# Building a Powered Cab



## THRobinson (Jun 29, 2014)

Hey guys... was looking to upgrade my amp, but the ones I want are outta budget and/or not finding any used for sale around here. Started to look at the idea of building a nice cab, and adding an amp, preamp and power supply to it. Master volume and nothing else.... just a powered 50w(ish) 12" speaker. I have an old laptop running GuitarRig and figured can run that through it as a modelling amp.

Was on the DIYAUDIO forum, got a LOT of information. I was just gonna get a 60w amp board off eBay, 50w speaker and a power supply and done... but learned a bit more about what all the specs are and such and hopefully will build a better amp as a result.

So basically, looking at a 200w mono amp with either a 24v power supply and 4ohm speaker, or 32v with an 8ohm to get around 45-55w of power with no clipping/distortion.

Looking for some recommendations on speakers. There was a point made about getting a flat speaker (no colour) so it doesn't affect the modelling the software if doing, which makes total sense, but, also the point that you still want a guitar speaker because more efficient and built for guitar.

Initially I looked at the Warehouse G12C 75w, which comes as 4/8/16ohm. Also 25w more than I need so (hopefully) no chance of blowing them. Warehouse sales support was nice enough to email me back and said the ReaperHP is a more flat speaker than the G12C, but 50w... bit close for comfort since be pushing pretty close to that. Someone recommended the Eminence Beta 12-LTA as being a very flat/neutral speaker, but also mentioned not designed for guitar and I think someone said more for bass.

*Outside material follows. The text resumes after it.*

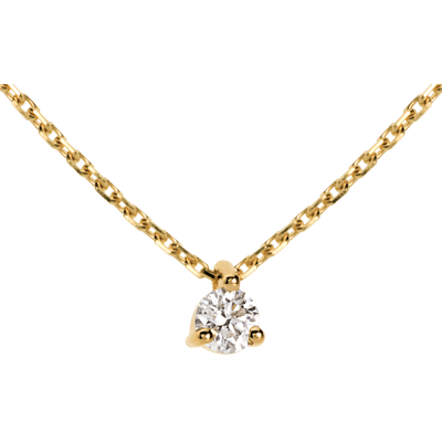 Der funkelnde Diamant in einer 3er Krappenfassung aus Gelbgold verkörpert zarte Eleganz. Mit Goldkette 750/1000. Mit Kette 42 cm + Verlängerung von 3 cm; 750/-. 1 Diamant : 0.16 Karat - Gelbgold (750/-): 1.4 g. Weitere Abmessungen

Hoping to stay in around the under $120 range, especially since the cost of this idea keeps going up the more I learn. 

Any suggestions/recommendations?


----------



## THRobinson (Jun 29, 2014)

What? 0 replies?

Kinda surprised... 

Got a nice cab designed in Sketchup (love that app) though kinda debating if the inside braces may be a bit overkill. 

Down to selecting a speaker... then will have to sort out a few wiring details. 

I'd like to have 

Front: Volume, power indicator light, power toggle switch.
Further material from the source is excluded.